[proofplan]
We define $\phi: G_s(L/K) \to U_L^{(s)}/U_L^{(s+1)}$ by $\sigma \mapsto \sigma(\pi_L)/\pi_L \bmod U_L^{(s+1)}$ and verify four properties: (1) the image lies in $U_L^{(s)}$, so $\phi$ is well-defined; (2) the map is independent of the choice of uniformizer $\pi_L$; (3) $\phi$ is a group homomorphism; (4) $\ker \phi = G_{s+1}(L/K)$, which simultaneously shows injectivity on the quotient and normality of $G_{s+1}$ in $G_s$.
[/proofplan]
[step:Show $\sigma(\pi_L)/\pi_L \in U_L^{(s)}$ for $\sigma \in G_s(L/K)$]
Let $\sigma \in G_s(L/K)$, so $v_L(\sigma(x) - x) \geq s + 1$ for all $x \in \mathcal{O}_L$. Applying this with $x = \pi_L$:
\begin{align*}
v_L(\sigma(\pi_L) - \pi_L) \geq s + 1.
\end{align*}
Write $\sigma(\pi_L) = \pi_L + \pi_L^{s+1} c$ for some $c \in \mathcal{O}_L$ (using $v_L(\sigma(\pi_L) - \pi_L) \geq s + 1$ and $v_L(\pi_L) = 1$). Then
\begin{align*}
\frac{\sigma(\pi_L)}{\pi_L} = 1 + \pi_L^s c \in U_L^{(s)}.
\end{align*}
Since $v_L(1 + \pi_L^s c - 1) = v_L(\pi_L^s c) \geq s$, the quotient lies in $U_L^{(s)}$.
[guided]
An element $\sigma$ of the $s$-th ramification group $G_s(L/K)$ satisfies $i_{L/K}(\sigma) \geq s + 1$, meaning $v_L(\sigma(x) - x) \geq s + 1$ for every $x \in \mathcal{O}_L$. In particular, for $x = \pi_L$, we get $v_L(\sigma(\pi_L) - \pi_L) \geq s + 1$.

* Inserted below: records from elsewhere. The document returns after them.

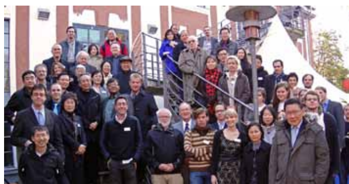
Participants and attendants of the conference.
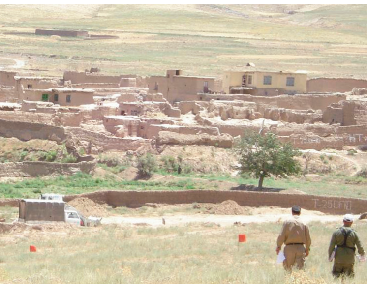
Before Mine-contaminated village in Kohsan District | Herat Province | Afghanistan. Most villagers had fled due to the conflict.

must be adequately resolved before they begin to clear contaminated land. While these organisations do not take an active role in the resolution of the disputes, or the development of new land management systems, they try to ensure that tensions will not be inflamed because of the release of previously
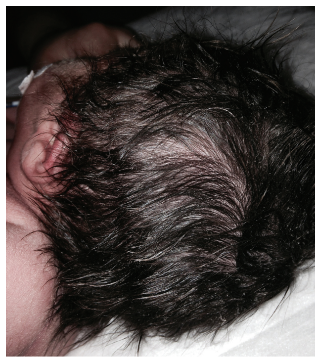
Figure 2. Encephalocele from the lateral view.

distress characterized by severe decelerations of fetal heart beats was noticed. An emergency caesarean section was performed. The baby was born with a 3x4 centimeter (cm) temporo-parietal encephalocele. The lesion was covered with normal skin (Figure 1 and 2). The Apgar scores were 7 and 9 at 1<sup>st</sup> and 5<sup>th</sup> minutes respectively.
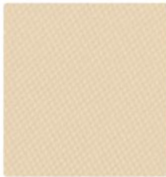
New England Providence
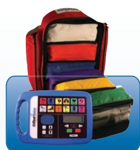
Backpack #FV4101 20" x 9" x 18" 9 lbs
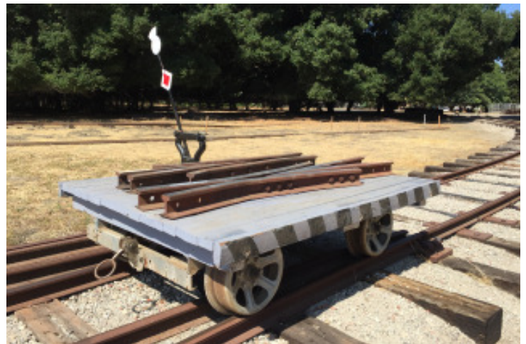
Push car with the #4 track frogs.
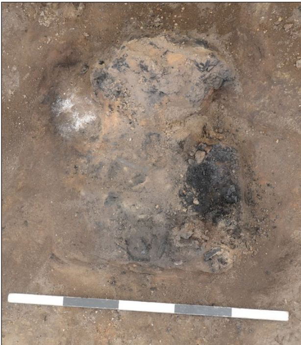
Figure 3. Cluster (F.8678) in southwest room of B.150 (F.8672) containing two reed containers with seeds.

Out of these features, due to time constraints and ultimate completion of the project, only bin F.8674 was completely excavated. It was rectangular in shape and had the following dimensions: 0.52m x 0.38m x 0.14m. It contained a cluster of considerable large number of stone tools and worked stones (32860), including a polished mace-head made of red marble and two nicely finished pounding tools. Some of the stones were also embedded into the walls of the bins (32864) (see Chapter 16, Ground Stone ). Some animal bones and obsidian point were also intentionally deposited in this bin. The walls and the base were carefully plastered. The base was uneven and sloping towards the south. Interestingly, it was set upon a sort of a clay pedestal that contained some kind of deposit made of stones and animal bones, which were very carefully plastered over with the bins' base. Another bin (F.8692) associated with this floor, albeit unexcavated, was placed against the very southwestern corner of room. It was round in shape with 0.45m in diameter and had thick, undercutting walls. It seemed to be empty, but was only partially excavated, as the season was coming to an end. The plastered feature F.8752 was not excavated.
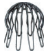
Art. 26 (in stock) Suitable for roof drains for mm. 75 Ø to mm. 125 Ø
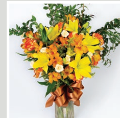
Crisp Fall Day
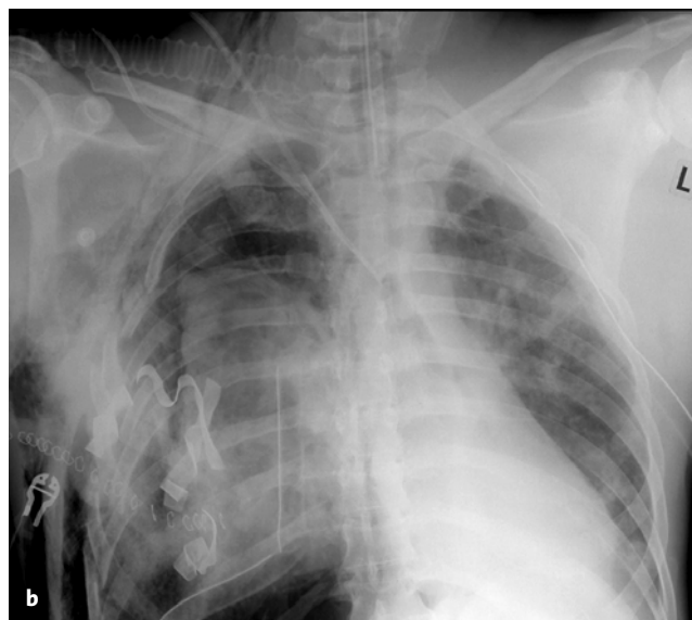
Figures 2a and 2b. Chest X-ray of a multiply injured patient with flail chest at admission (a) and 24 h after right anterolateral thoracotomy with packing of the thoracic cavity (b).

Since $\sigma$ is a $K$-automorphism preserving $v_L$, and $v_L(\pi_L) = 1$, we have $v_L(\sigma(\pi_L)) = 1$. So $\sigma(\pi_L)$ is also a uniformizer. We can write $\sigma(\pi_L) - \pi_L = \pi_L^{s+1} c$ for some $c \in \mathcal{O}_L$ (since the difference has $v_L$-value $\geq s + 1$, while $v_L(\pi_L^{s+1}) = s + 1$). Therefore
\begin{align*}
\frac{\sigma(\pi_L)}{\pi_L} = 1 + \pi_L^s c,
\end{align*}
and $v_L(\pi_L^s c) = s + v_L(c) \geq s$, confirming $\sigma(\pi_L)/\pi_L \in U_L^{(s)}$.
[/guided]
[/step]
[step:Verify independence of the choice of uniformizer modulo $U_L^{(s+1)}$]

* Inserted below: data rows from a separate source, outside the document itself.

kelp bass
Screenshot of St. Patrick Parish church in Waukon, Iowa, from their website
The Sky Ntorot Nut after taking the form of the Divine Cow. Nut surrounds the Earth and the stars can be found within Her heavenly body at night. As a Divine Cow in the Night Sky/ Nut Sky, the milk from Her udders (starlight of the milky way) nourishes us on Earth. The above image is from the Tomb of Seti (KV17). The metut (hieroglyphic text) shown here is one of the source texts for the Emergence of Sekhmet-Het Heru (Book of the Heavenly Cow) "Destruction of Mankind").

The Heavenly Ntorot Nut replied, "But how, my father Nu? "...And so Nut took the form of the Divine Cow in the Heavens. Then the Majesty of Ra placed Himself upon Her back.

Let $\pi_L' = \pi_L u$ for some unit $u \in \mathcal{O}_L^\times$ be another uniformizer. Since $\sigma \in G_s(L/K) \subseteq G_0(L/K) = I(L/K)$ (the inertia group), we have $v_L(\sigma(u) - u) \geq s + 1$. Write $\sigma(u) = u + \pi_L^{s+1} d$ for some $d \in \mathcal{O}_L$. Then
\begin{align*}
\frac{\sigma(\pi_L')}{\pi_L'} = \frac{\sigma(\pi_L)\sigma(u)}{\pi_L u} = \frac{\sigma(\pi_L)}{\pi_L} \cdot \frac{\sigma(u)}{u} = (1 + \pi_L^s c)\left(1 + \pi_L^{s+1} \frac{d}{u}\right).
\end{align*}
The second factor satisfies $v_L(1 + \pi_L^{s+1}d/u - 1) = v_L(\pi_L^{s+1}d/u) \geq s + 1$, so $\sigma(u)/u \in U_L^{(s+1)}$. Therefore
\begin{align*}
\frac{\sigma(\pi_L')}{\pi_L'} \equiv \frac{\sigma(\pi_L)}{\pi_L} \pmod{U_L^{(s+1)}},
\end{align*}
and the map $\phi$ is independent of the choice of uniformizer.
[guided]
Why should the quotient $\sigma(\pi_L)/\pi_L$ modulo $U_L^{(s+1)}$ be independent of which uniformizer we pick? Any other uniformizer has the form $\pi_L' = \pi_L u$ for a unit $u \in \mathcal{O}_L^\times$.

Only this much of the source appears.